No, qui se dici Vesuvio, dici vigna. Vite, uva, biodiversità, lavoro, coraggio, fatica, rispetto per il territorio e per l’ambiente.

Ci troviamo alle porte di Pompei, a una manciata di chilometri dall’eternità della Storia, precisamente a Boscotrecase (NA). L’azienda Sorrentino è una delle tenute che coltiva vigna e produce vini ai piedi del famoso vulcano, da tre generazioni.   Circa 35 gli ettari vitati nella denominazione Vesuvio, per una proprietà di oltre 200 ettari totali. Suoli, manco a dirlo, vulcanici e viti centernarie a piede franco, dove i vitigni autoctoni  crescono in un contesto estremamente particolare. Si tratta, infatti, dell’area vulcanica più grande dell’Europa continentale relativamente a vulcani esplosivi attivi, seppur a tutt’oggi dormienti.
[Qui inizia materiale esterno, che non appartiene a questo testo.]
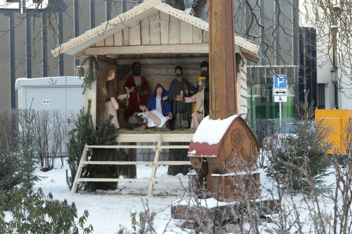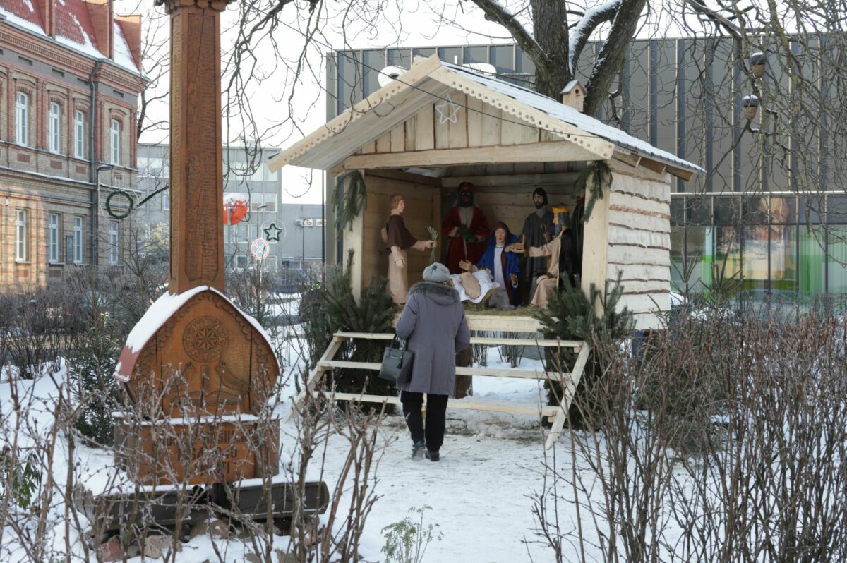 Pirmoji Kalėdų prakartėlė Panevėžyje šįmet įrengta ne kurioje nors miesto bažnyčioje, kaip būdavo įprasta, o Vasario 16–osios gatvėje, daugiau nei šimtmetį skaičiuojančio Juozo Masiulio knygyno kieme.
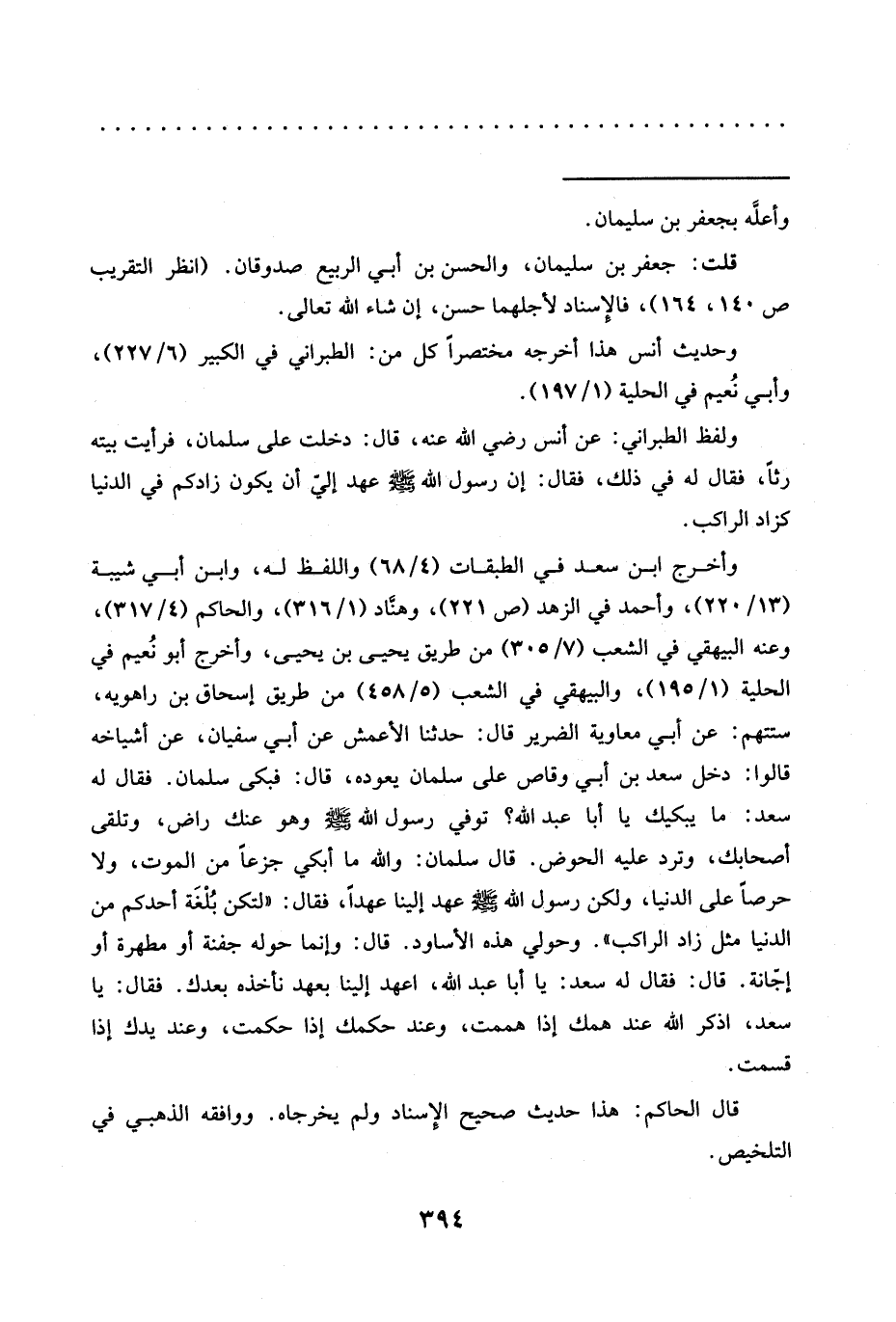 ولفظ الطبراني: عن أنس رضي الله عنه، قال: دخلت على سلمان، فرأيت بيته رثًا، فقال له في ذَلِكَ، فَقَالَ: إِنَّ رَسُولَ اللَّهِ -صَلَّى اللَّهُ عَلَيْهِ وسلم- عهد إليّ أن يكون زادكم في الدنيا كزاد الراكب. وأخرج ابن سعد في الطبقات (4/ 68) واللفظ له، وابن أبي شيبة (13/ 220)، وأحمد في الزهد (ص 221)، وهنَّاد (1/ 316)، والحاكم (4/ 317)، وعنه البيهقي في الشعب (7/ 305) من طريق يحيى بن يحيى، وأخرج أبو نُعيم في الحلية (1/ 195)، والبيهقيُّ في الشعب (5/ 458) من طريق إسحاق بن راهويه، ستتهم: عن أبي معاوية الضرير قال: حدّثنا الْأَعْمَشُ عَنْ أَبِي سُفْيَانَ، عَنْ أَشْيَاخِهِ قَالُوا: دخل سعد بن أبي وقاص على سلمان يعوده، قال: فَبَكَى سَلْمَانُ. فَقَالَ لَهُ سَعْدٌ: مَا يُبْكِيكَ يا أبا عَبْدَ اللَّهِ؟ تُوُفِّيَ رَسُولُ اللَّهِ -صَلَّى اللَّهُ عَلَيْهِ وَسَلَّمَ- وهو عنك راض، وتلقى أصحابك، وترد عليه الحوض. قال سلمان: والله ما أبكي جزعًا من الموت، ولا حرصا على الدنيا، وَلَكِنَّ رَسُولَ اللَّهِ -صَلَّى اللَّهُ عَلَيْهِ وَسَلَّمَ- عَهِدَ إلينا عهدًا، فقال: "لتكن بُلْغَة أحدكم من الدنيا مثل زاد الراكب". وحولي هذه الأساود. قال: وإنما حوله جفنة أو مطهرة أو إجّانة. قال: فقال له سعد: يا أبا عبد الله، اعهد إلينا بعهد نأخذه بعدك. فقال: يا سعد، اذكر الله عند همك إذا هممت، وعند حكمك إذا حكمت، وعند يدك إذا قسمت.

Le colate laviche che si sono susseguite nei secoli (l’ultima risale al 1944) hanno arricchito il suolo con minerali, pietre pomici, lapilli e lo hanno reso molto fertile e drenante, fungendo così da protezione per le viti a piede franco.

Qui la viticoltura ha radici antichissime. Le vigne sono coltivate a pergola e vi si trovano varietà miste (piedirosso, aglianico, coda di volpe,  caprettone, lacryma christi…) anche a distanza di pochi passi. La biodiversità regna sovrana, infatti sotto la pergola ci sono colture differenti, di ogni tipo: questo perché in passato si dovevano mantenere frutta e ortaggi tutto l’anno, necessari per la famiglia. Modus operandi che è rimasto in uso anche alle nuove generazioni.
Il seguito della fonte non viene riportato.